Divorce can be a painful and expensive process for both the parties concerned. Sue Bailey, a Family Solicitor at Ashton KCJ, offers seven golden rules to follow:
The end of a relationship is a stressful and uncertain time. If you are separating, early legal advice can be invaluable.
My seven golden rules highlight the things you should think about when choosing who to seek legal support from, as well as providing some hints and tips about separation.
- First listen, then advise:
Is your lawyer more interested in the sound of their voice than yours in your initial meeting? Any initial meeting is going to involve a lawyer providing you with advice about your situation; but they need to take time to understand your circumstances before they can offer you appropriate advice.
With any new client, I always get them to talk first about the situation, their concerns, fears and aims. Once I know this, then I can provide the advice they actually need.
- It's all about the money:
Money and financial security are big concerns for separating couples. I am experienced in working with clients who have complex assets including trusts and company assets, where there can be an element of "unravelling" to be done before we can fully understand each person's financial position.
I discuss with all my clients the need for them to do their homework about their own financial position, too. Have they found out about their mortgage raising capacity? If they have children, are there benefits which might be available help them to pay the bills each month?
- It's all child's play:
The end of a relationship is usually anything but - especially for children. They can feel a sense of loyalty to one parent, and can be confused and upset by changes in their lives as a result of decisions made by the adults they love most.
I discuss with my clients how they can work constructively with their ex-partner for the benefit of their children.
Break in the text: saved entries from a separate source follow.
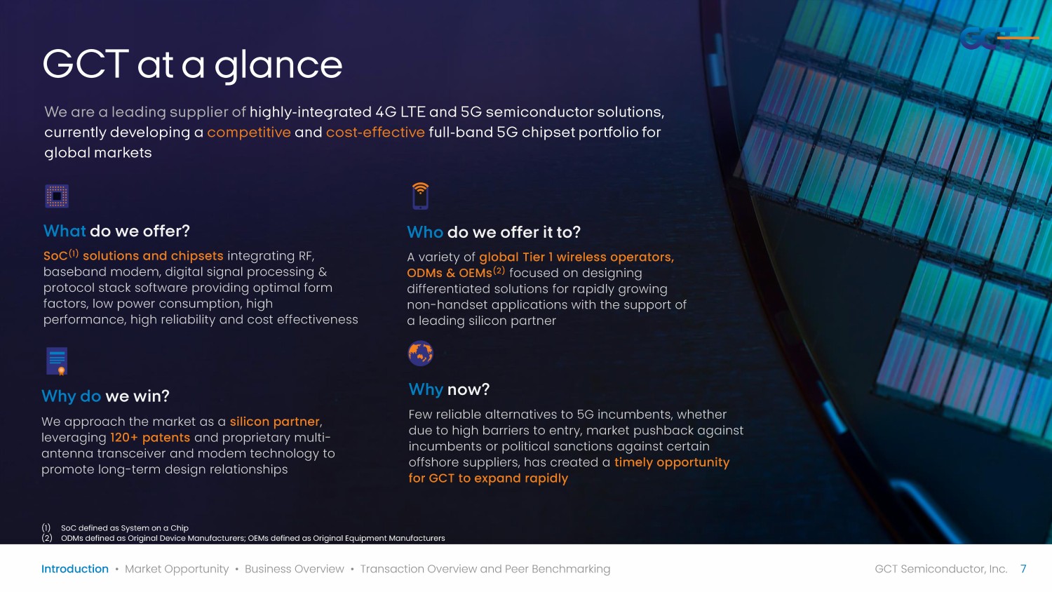 GCT Semiconductor, Inc. shareholder Management Mr. John Schlaefer CEO & President Dr. Jeongmin ‘Jeemee’ Kim CTO Mr. Youngdae ‘David’ Yoon CFO International Finance; Treasurer Board of Directors Dr. Kyeongho ‘KH’ Lee Chairman of the Board; Representing the largest Founder of GCT Semiconductor Mr. John Schlaefer CEO & President Dr. Jeongmin ‘Jeemee’ Kim CTO Mr. Robert Barker Board Member, Former CFO of Micrel Mr. Hyunsoon Shin Board Member; CEO of CJ America Dr. Kujjin Chun Board Member; Professor at Seoul National University, Electrical Engineering 6 Strong leadership with extensive industry experience Prior Experience and Affiliations Prior Experience and Affiliations Introduction • Market Opportunity • Business Overview • Transaction Overview and Peer Benchmarking
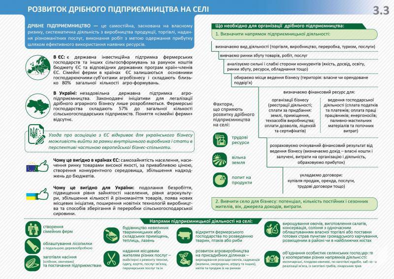 Видання демонструє потенційні можливості для дрібних українських сільгоспвиробників. У ній зроблена спроба співставлення ситуації у сфері сільського господарства України та Європейського Союзу, а також окремо розглянуто сільськогосподарський аспект Угоди про асоціацію з ЄС. Надаються також рекомендації місцевій владі з розвитку сільських територій та допомоги дрібним сільгоспвиробникам.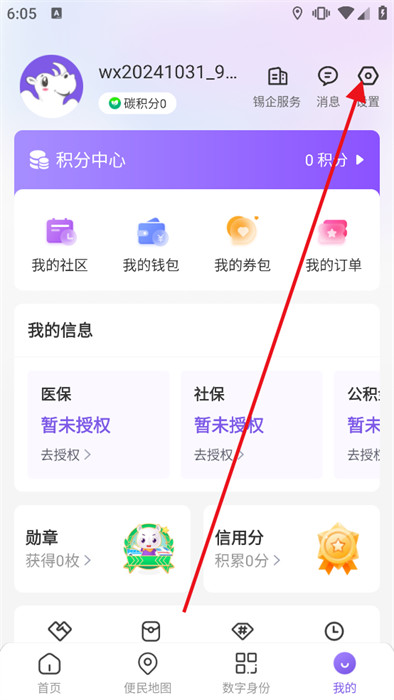 2、隨后,進(jìn)入首頁切換到【我的】,并找到右上角【設(shè)置】按鈕,如下圖所示;

Minimising conflict in front of children is extremely important, as is speaking positively about their other parent, whatever your own feelings might be.
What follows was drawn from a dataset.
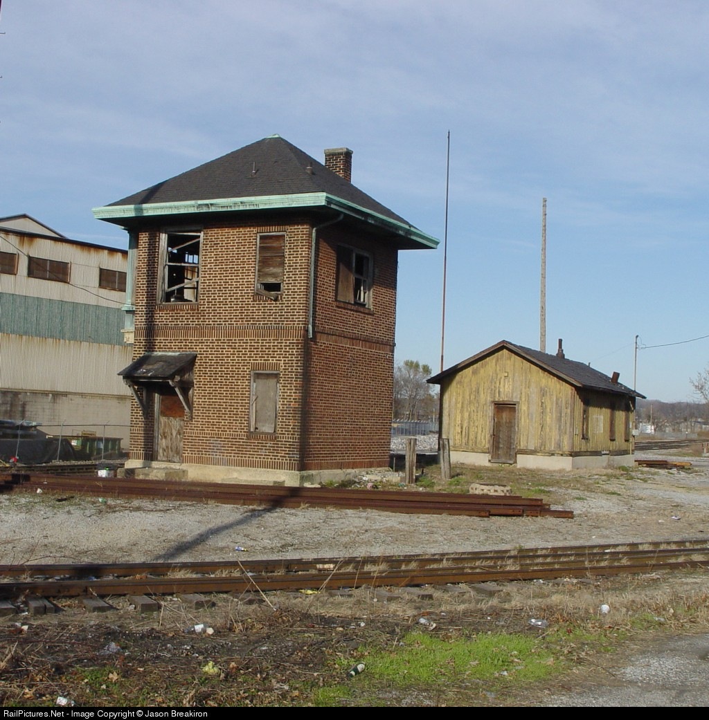 An Old Closed Tower & small Frieght shed sit abandoned at a Double diamond & entrance to the NS Interchange Yard along the York Railway
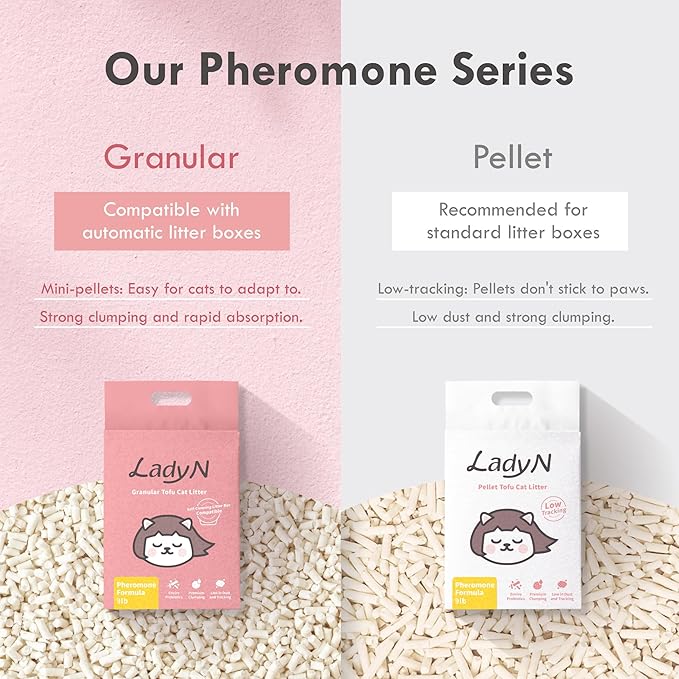 Lady N Cat Attract Tofu Litter – Natural Attractant Formula for Litter Box Training, Calming Pheromone for Multi-Cat Homes, Classic Pellet Shape for Standard Litter Box, 18lb

- Never mix business with pleasure:
Assets which belong to a company are not necessarily going to be divided with a spouse on a divorce. Knowing where you stand about this at the start is very important.
If you are in business with your spouse, what is the impact of your marriage ending?
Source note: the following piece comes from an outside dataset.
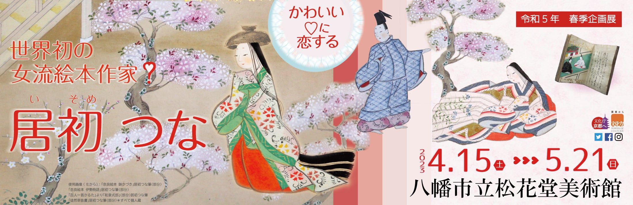 八幡市立松花堂庭園・美術館にて【令和5年 春季企画展 世界初の女流絵本作家?居初つな】を開催します。17世紀後半に女性の絵本作家がいたことは珍しく、世界初の女流絵本作家となるかもしれません。展覧会では、近年ようやくその姿がわかってきた「居初つな」の作品を中心に、その魅力をご紹介します。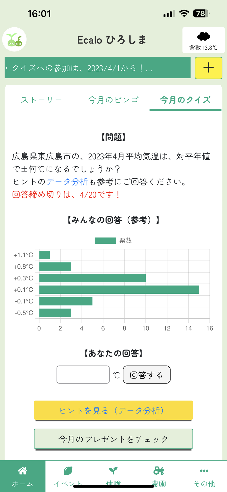 三択式問題など、「今月のクイズ」のバリエーションを増やしました。

Will you continue to work together? Having a pre-nuptial or post nuptial (after marriage) agreement can offer you both more clarity about where you might stand if your personal relationship does not work out but your business relationship has.
- Play nice:
The media perception of the divorce process can be pretty negative: courtroom battles and lawyers "out to get" their opponent. In real life, it should not be this way. Where possible, I work with my clients to achieve a constructive resolution which works for their family.
As a trained collaborative lawyer, I can support clients in reaching agreements talking to their spouse face-to-face, with the benefit of legal support on hand. The benefit of a constructive approach to resolving your situation should not be underestimated.
Agreements are often reached more quickly and more cost effectively, meaning it is a win-win situation for you.
- Pension, pension, pension:
We are all living longer, making income in retirement more important than ever. On a divorce, one person may be entitled to a share of the other person's pension - known as "pension sharing".
The recipient spouse receives a percentage of the other person's pension which is transferred to a pension in their own name which they can draw on in retirement.
Sometimes, it makes more sense for one person to keep a larger pension than their spouse, with the spouse receiving a large share of the other assets to compensate - a process known as "offsetting".
- Because I'm worth it...?
Is the cost of legal advice worth it in the long run?
As a family lawyer I am obviously going to say 'yes' to that, but you should judge for yourself. I am happy to meet with any new client for half an hour at no charge. This gives you the opportunity to decide whether the support and expertise I have is right for you.
The cost of separation is one additional worry you don't need at what is already a stressful time. This is why I am able to offer fixed fees for the majority of the work I do, providing you with certainty and transparency about your legal costs at the start.